§ Given records:
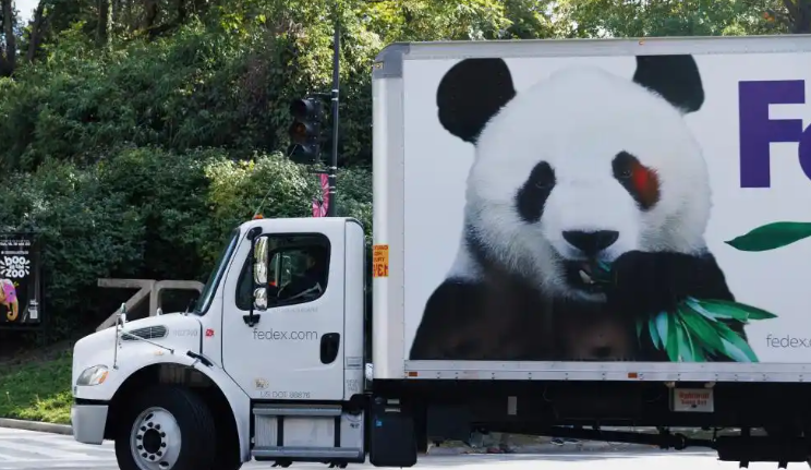 △2024年10月15日,运送大熊猫的卡车即将驶入美国华盛顿国家动物园
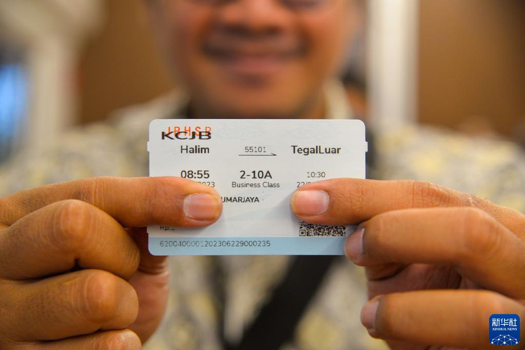 6月22日,在印度尼西亞雅萬(wàn)高鐵正在進(jìn)行聯(lián)調聯(lián)試的綜合檢測列車(chē)上,一名記者展示紀念樣票。
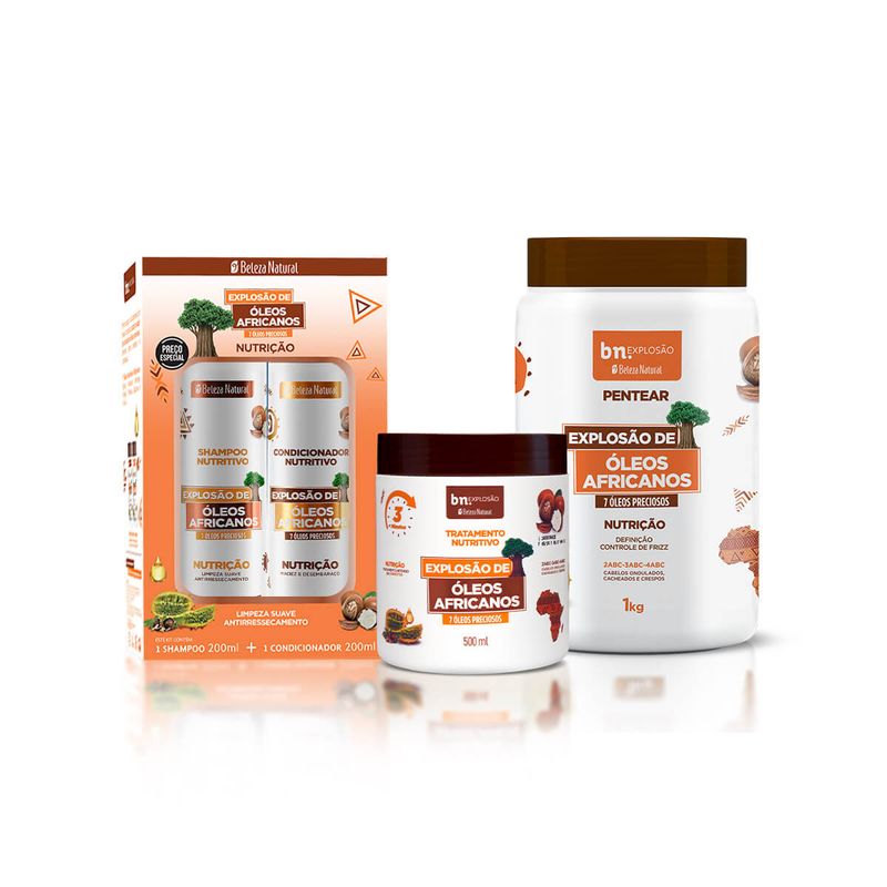 O Creme de Pentear Explosão de Óleos Africanos 1Kg traz todo o poder da nutrição e foi desenvolvido especialmente para você, que ama cabelos bem definidos e super brilhosos. Sua fórmula exclusiva traz a combinação inédita dos 7 Óleos Nutritivos Poderosos: Baobá, Kalahari, Moringa, Nigella, Tamanú, Opuntia e Karité. Rico em Vitamina E, proporciona maior proteção aos fios, e Ômega 6, poderoso agente antioxidade com ação anti frizz.
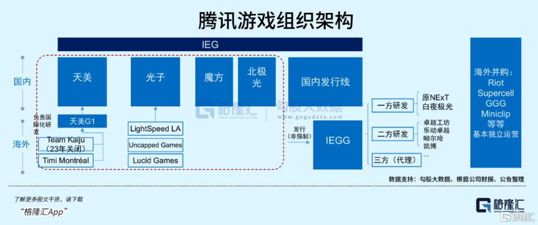 国内市场中,《王者荣耀》《和平精英》等旗舰产品长盛不衰,形成稳定的收入基本盘;海外市场通过收购Riot Games、Super cell等优质资产,以及天美、光子工作室独立出海发行,实现22%的高速增长,《VALORANT》等产品成为海外爆款。
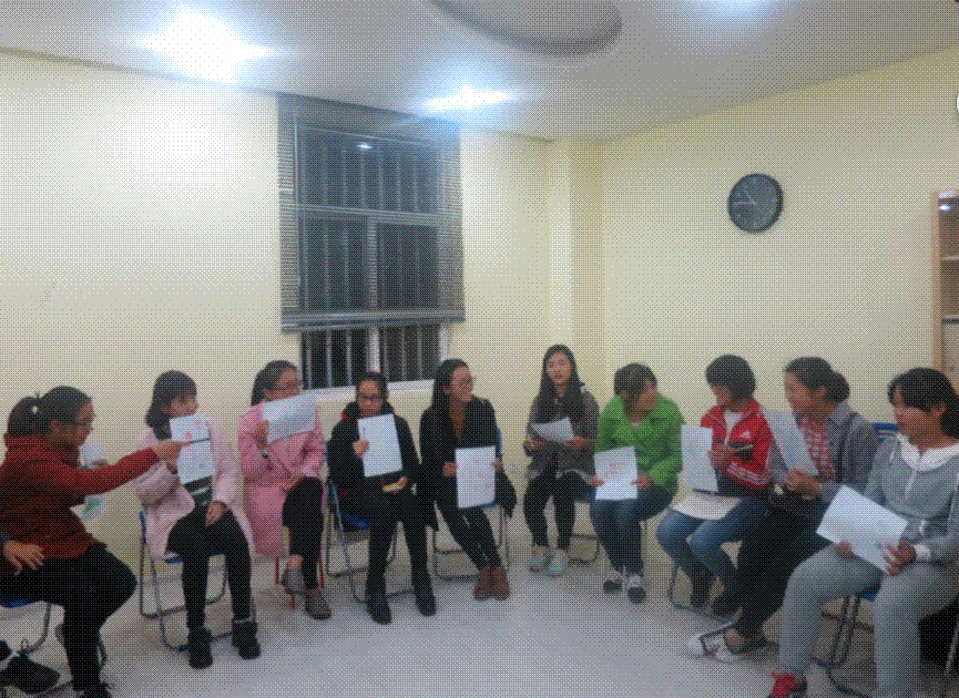 首先,胡琳琳老师先以一个破冰游戏“大风吹”作为开场活动,同学们很快进入角色。接着胡老师给大家发了白纸和彩笔,让陶学子绘出一幅能代表自己的画并向大家展示介绍,大家依次介绍了自己的画作,并告诉其他人自己的艺名。为了让大家更快记住彼此,胡老师利用击鼓传花的小游戏进行了测试,接到花的同学也依次说出了其他人的名字。随后,胡老师让大家一起为这个小团体想一个大家都要遵守的契约,同学们道出“彼此信任,互相尊重,严守秘密”的期许,言明“团结友爱,互相体谅,共同成长”的心愿。最后,在场的陶学子都说出了自己在学习,生活上的困惑,胡老师认真的倾听、记录,针对一些问题做出分析。临近活动尾声,胡老师根据大家举手表决的情况确定了下一次的话题。

§ What needs to be done:
Copy every record exactly, without the pictures.

§ Response below:
 △2024年10月15日,运送大熊猫的卡车即将驶入美国华盛顿国家动物园
 6月22日,在印度尼西亞雅萬(wàn)高鐵正在進(jìn)行聯(lián)調聯(lián)試的綜合檢測列車(chē)上,一名記者展示紀念樣票。
 O Creme de Pentear Explosão de Óleos Africanos 1Kg traz todo o poder da nutrição e foi desenvolvido especialmente para você, que ama cabelos bem definidos e super brilhosos. Sua fórmula exclusiva traz a combinação inédita dos 7 Óleos Nutritivos Poderosos: Baobá, Kalahari, Moringa, Nigella, Tamanú, Opuntia e Karité. Rico em Vitamina E, proporciona maior proteção aos fios, e Ômega 6, poderoso agente antioxidade com ação anti frizz.
 国内市场中,《王者荣耀》《和平精英》等旗舰产品长盛不衰,形成稳定的收入基本盘;海外市场通过收购Riot Games、Super cell等优质资产,以及天美、光子工作室独立出海发行,实现22%的高速增长,《VALORANT》等产品成为海外爆款。
 首先,胡琳琳老师先以一个破冰游戏“大风吹”作为开场活动,同学们很快进入角色。接着胡老师给大家发了白纸和彩笔,让陶学子绘出一幅能代表自己的画并向大家展示介绍,大家依次介绍了自己的画作,并告诉其他人自己的艺名。为了让大家更快记住彼此,胡老师利用击鼓传花的小游戏进行了测试,接到花的同学也依次说出了其他人的名字。随后,胡老师让大家一起为这个小团体想一个大家都要遵守的契约,同学们道出“彼此信任,互相尊重,严守秘密”的期许,言明“团结友爱,互相体谅,共同成长”的心愿。最后,在场的陶学子都说出了自己在学习,生活上的困惑,胡老师认真的倾听、记录,针对一些问题做出分析。临近活动尾声,胡老师根据大家举手表决的情况确定了下一次的话题。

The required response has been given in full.